● **Exercise description**: Output the data below exactly as it is, dropping the pictures from your copy.

● **Given information**:
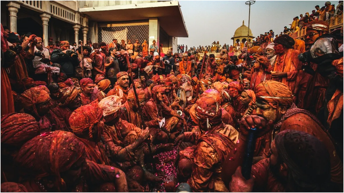 मथुरा जिले के वृंदावन में बांके बिहारी मंदिर में होली उत्सव की धूम देखी गई। लोग यहां हजारों की संख्या में पहुंचे हैं।
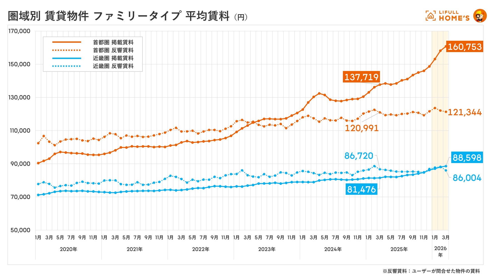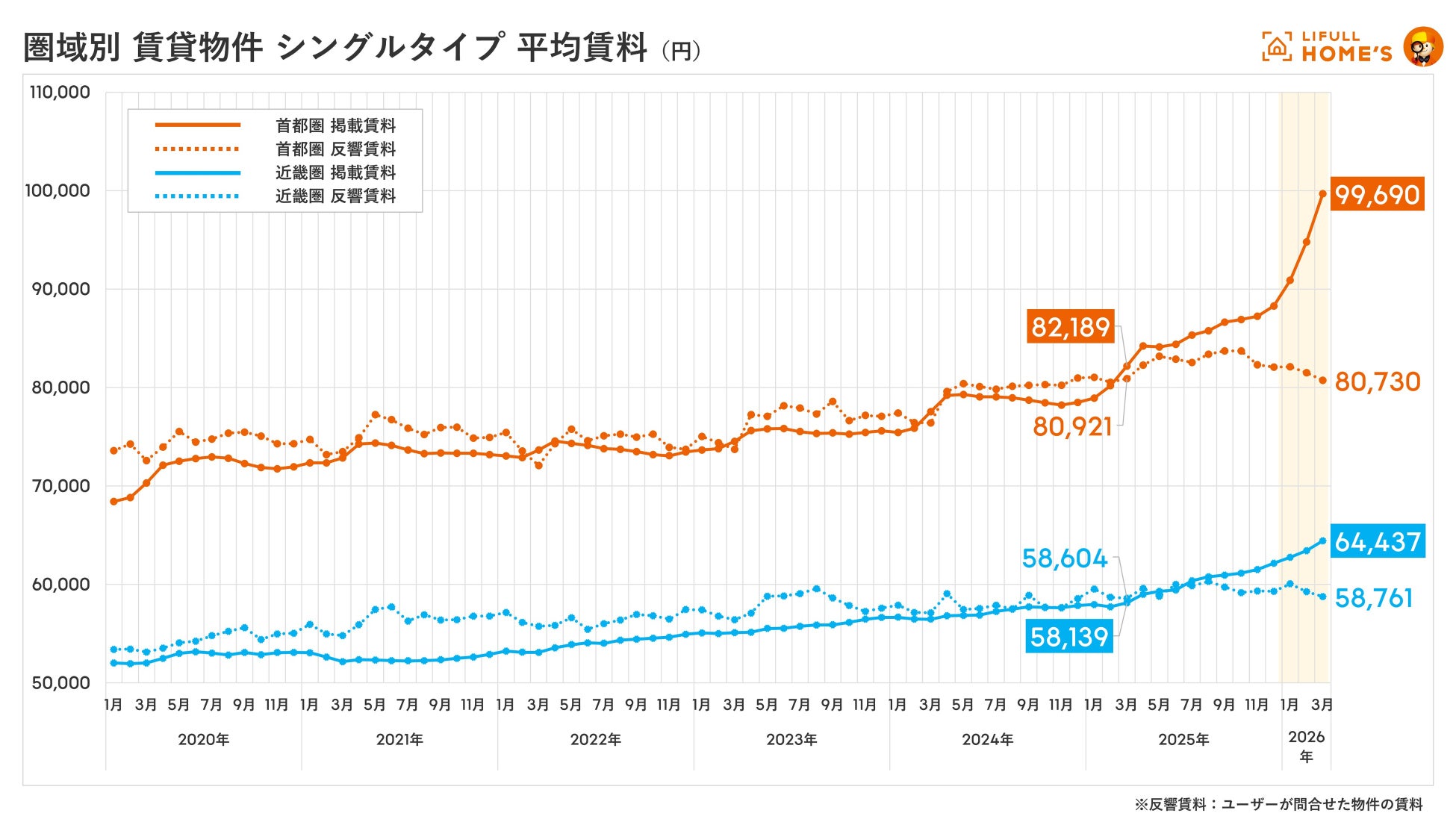 2026年3月の賃貸物件の掲載賃料は、首都圏(東京都、神奈川県、埼玉県、千葉県)シングルタイプで99,690円(前年同月比+21.3%)、ファミリータイプで160,753円(同+16.7%)となり、近畿圏(大阪府、兵庫県、京都府)とともに2020年の集計開始以降の最高値を更新しました。
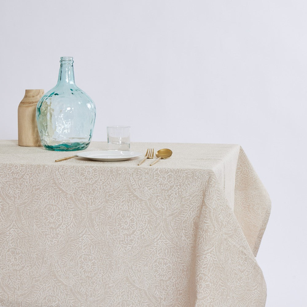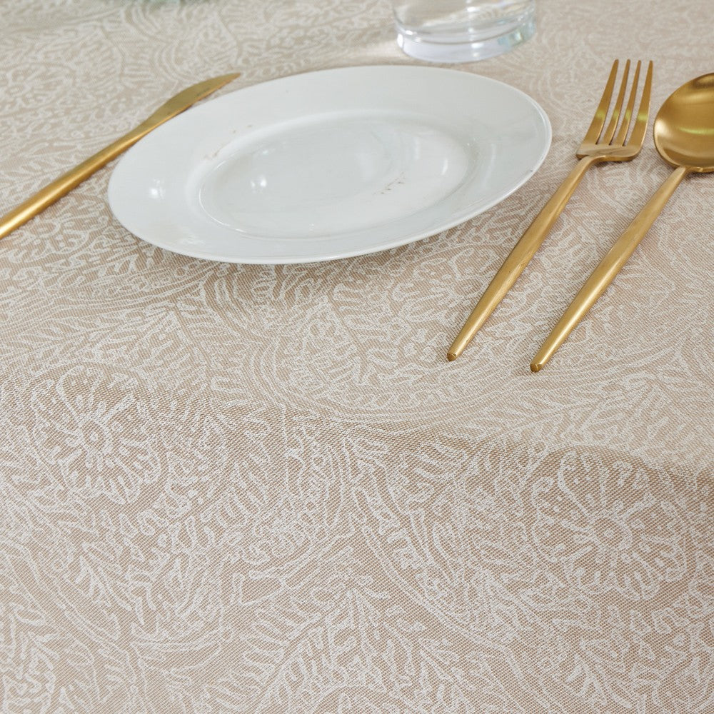 Nappe imprimée, traitée avec du Téflon créant une barrière de protection qui repousse les liquides et évite la formation de taches.

● **Solution for this task**:
 मथुरा जिले के वृंदावन में बांके बिहारी मंदिर में होली उत्सव की धूम देखी गई। लोग यहां हजारों की संख्या में पहुंचे हैं।
 2026年3月の賃貸物件の掲載賃料は、首都圏(東京都、神奈川県、埼玉県、千葉県)シングルタイプで99,690円(前年同月比+21.3%)、ファミリータイプで160,753円(同+16.7%)となり、近畿圏(大阪府、兵庫県、京都府)とともに2020年の集計開始以降の最高値を更新しました。
 Nappe imprimée, traitée avec du Téflon créant une barrière de protection qui repousse les liquides et évite la formation de taches.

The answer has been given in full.